I’ve spoken with professionals about it since the start and always concluded it’s what I wanted. I’ve basically longed for kids since I can remember! So this feeling has taken me by surprise.

OP posts:
Barrawarra · 16/05/2022 15:47

It’s totally normal to have these kind
of wobbles even with much wanted children. It’s just the process of it becoming real and you facing up to all the implications. You will experience many emotions over the course of the pregnancy! Good idea now though to examine the relationship and be sure if it’s what you want, if so then work on it now.

MrsGinaHarrison87 · 16/05/2022 15:51

I've got four kids and never not had a bath but it does stop you from doing a lot of things. The thing I find though is that your whole perspective changes and you probably won't want to do all those things because it won't be even be on your agenda. The kids take priority and if they're happy, I'm usually happy. I used to be out every other weekend up till I had my second child, now I'm grateful for every moment of peace I can get. Friends with no kids can go out spontaneously and have several holidays and year and I don't care about all that stuff, it's just a different way of life and different priorities.
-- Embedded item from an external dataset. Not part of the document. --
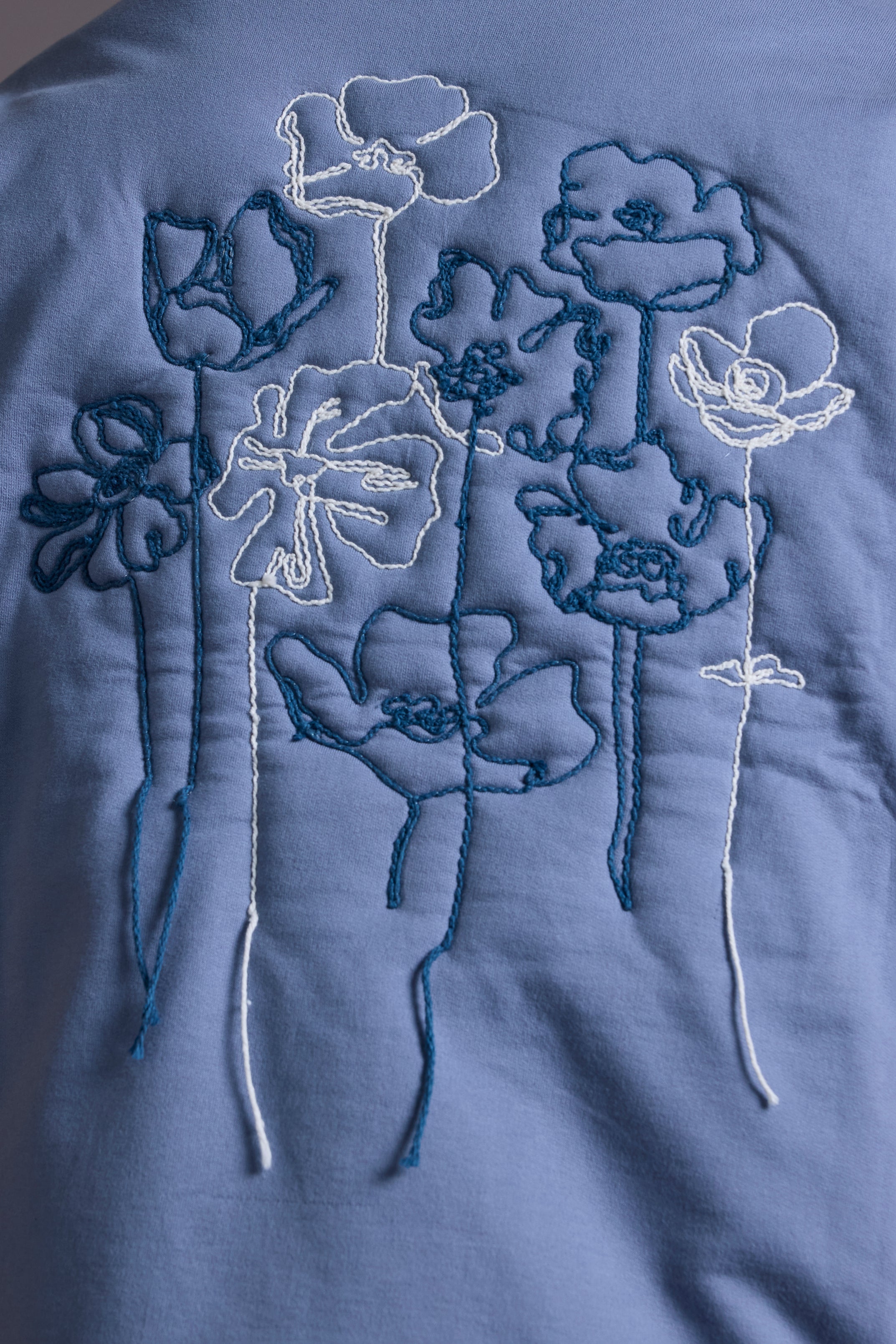 Quilting floral details on the back

Hugasauras · 16/05/2022 15:53

Honestly OP, I think this is pretty normal. And IME people who really are selfish parents don't really think of themselves as such or have that level of self-awareness about it. Yes, life changes but it doesn't mean you can't ever do anything again! Especially with just one child, after the intensity of the newborn and young baby phase passes, there's no reason you can't do the things on your list! Life doesn't have to stop or end because you have a child. There are adjustments but you don't have to stop being you or give up on your own enjoyment.

Lottie4 · 16/05/2022 15:59

I think the fact your relationship is unstable is clouding how you really feel and what you want. You say you want to learn french - find a class now so you can make a start. It might not be so easy once DB is around, but you can continue online if you really want.

Not saying having a child is easy, but it doesn't mean you can't have those baths, holidays and even meet someone else (I know someone with twins and a DD - she's been with her OH for four years and he's been living with her family for two).You say you want to learn french - find a class now so you can make a start. It might not be so easy once DB is around, but you can continue online if you really want.